To Anonymous from Step One:
Thank you so much for your comment. Thank you! I really can not express adequately in words the gratitude I feel for the things you said. You were so honest, but so kind and encouraging and through your words I could feel a sincere love and concern.
I thought Mac gave a great response to your comment, and I appreciate you asking because sometimes our own perspective seems so clear, that until we ask, we have no idea what it looks like from another perspective. One of my favorite quotes is "Our view of reality is only a view, not reality itself." [Francesca Farr.] I admire YOU for being open-minded and inquisitive.
Now I'll adress your question because it deserves to be considered.
It has been absolutely encouraged by both the 12-step program and my counselor to put myself first. Here is a quote from the manual.
"Taking care of ourselves is not selfish; it is essential to our well-being and our ability to learn from this life experience. Applying Step One gives us permission to rest, give needed time and love to children, return to other interests and rejoice in all aspects of our lives."
I will wholeheartedly acknowledge that for some women this means leaving the relationship. I liked your word "toxic." There is absolutely a point at which a woman can not feel happiness in the situation or love for her addicted husband. I judge no woman for leaving, and furthermore she need not justify to the world around her why she chose to do so.
Having said that, I plan to stay, indefinitely, and this is why.

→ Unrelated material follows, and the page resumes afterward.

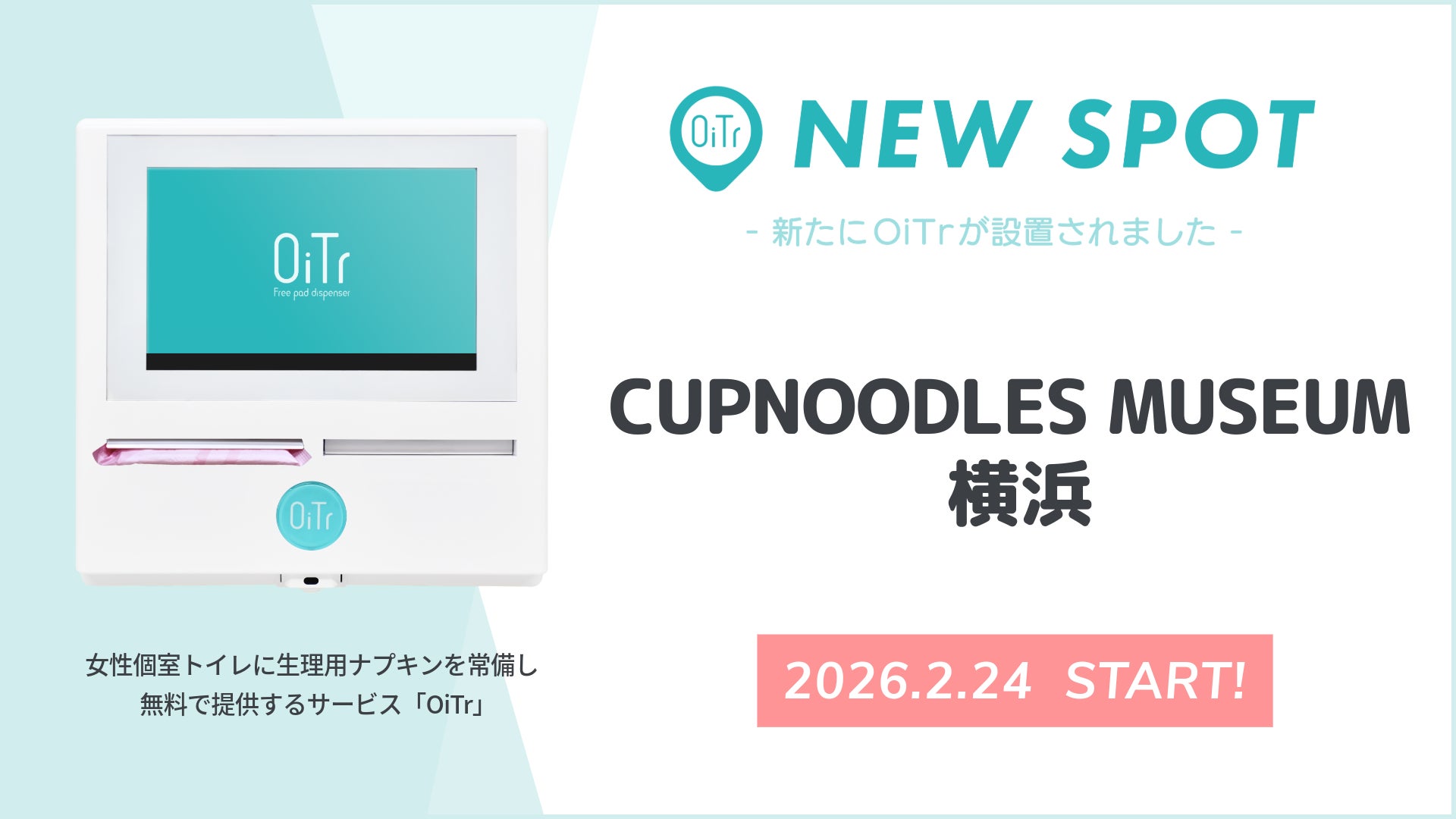 全国の商業施設や交通機関、公共施設、オフィス、学校などの女性個室トイレに、生理用ナプキンを常備し、無料で提供する日本初*¹のサービス「OiTr(オイテル)」を展開するオイテル株式会社(本社:東京都新宿区、代表取締役:﨑山 真)は、「トイレットペーパーのように、個室トイレに生理用品が行き届く社会」の実現を目指し、新たに「カップヌードルミュージアム 横浜(神奈川県横浜市)」の従業員用の女性個室トイレにOiTrを設置し、2026年2月24日(火)よりサービスを開始いたしたことをお知らせいたします。本取り組みを通じて、従業員の皆さまが安心して働ける環境づくりを支援してまいります。

Because this blog is dedicated entirely to dealing with my husband's addiction, it seems as if this issue dominates my life. I rarely/never take time to discuss Pete's good qualities here, or the wonderful life we enjoy together 85% of the time. I am not a bragger/boaster either, it is not in my nature to give compliments freely. But let it be known; Pete is a wonderful man. He believes in Jesus Christ and desires to follow him. He is ambitious and successful in his career. He is a gentleman to me and especially lately takes time to let me know I am appreciated. He is not a perfect father, but he strives to improve and is aware of his short-comings. He makes me laugh, and he finds ways to execute even my most outrageous plans. This is only a small part of why I married him and why I remain with him, and says nothing of the memories and life we have built together. I am quite certain that should I be the one with the addiction, perhaps to pain-killers or over-eating, he would stay by my side.
Above and beyond that, there are other reasons such as our children. As you mentioned, the issues that come with divorce are many. Also, it has been said that divorce is often just an exchange of one set of problems for another set. All men have faults.
Lastly, in my heading I mention the promises I made across the altar. You may or may not be able to relate to this, but when Pete and I were married we made covenants with each other and with God. They didn't exactly say "Through richer or poorer, sickness or health, etc" but the effect was the same. I have thought about this many times. Deep in my soul I believe that God took me seriously when I made those promises, and I am accountable to him. Do I believe that God expects me to stay should the circumstances become dire? No. But do I believe that God will reward both my husband and myself eternally if we endure this together? Absolutely.
But I do not consider myself some saintly martyr who will endlessly suffer for the noble cause of her marriage. I am not endlessly suffering. Nor am I perfect, and Pete could probably write a blog about the bad habits/attitudes I have that contribute to frustrations in our relationship.
In short, I would not stay with my husband if I did not believe I could, or even presently feel happiness with him. In fact, I do not only feel happiness in spite of my husband, I feel happiness because of my husband.
God bless you dear reader friend. I hope this made some sense.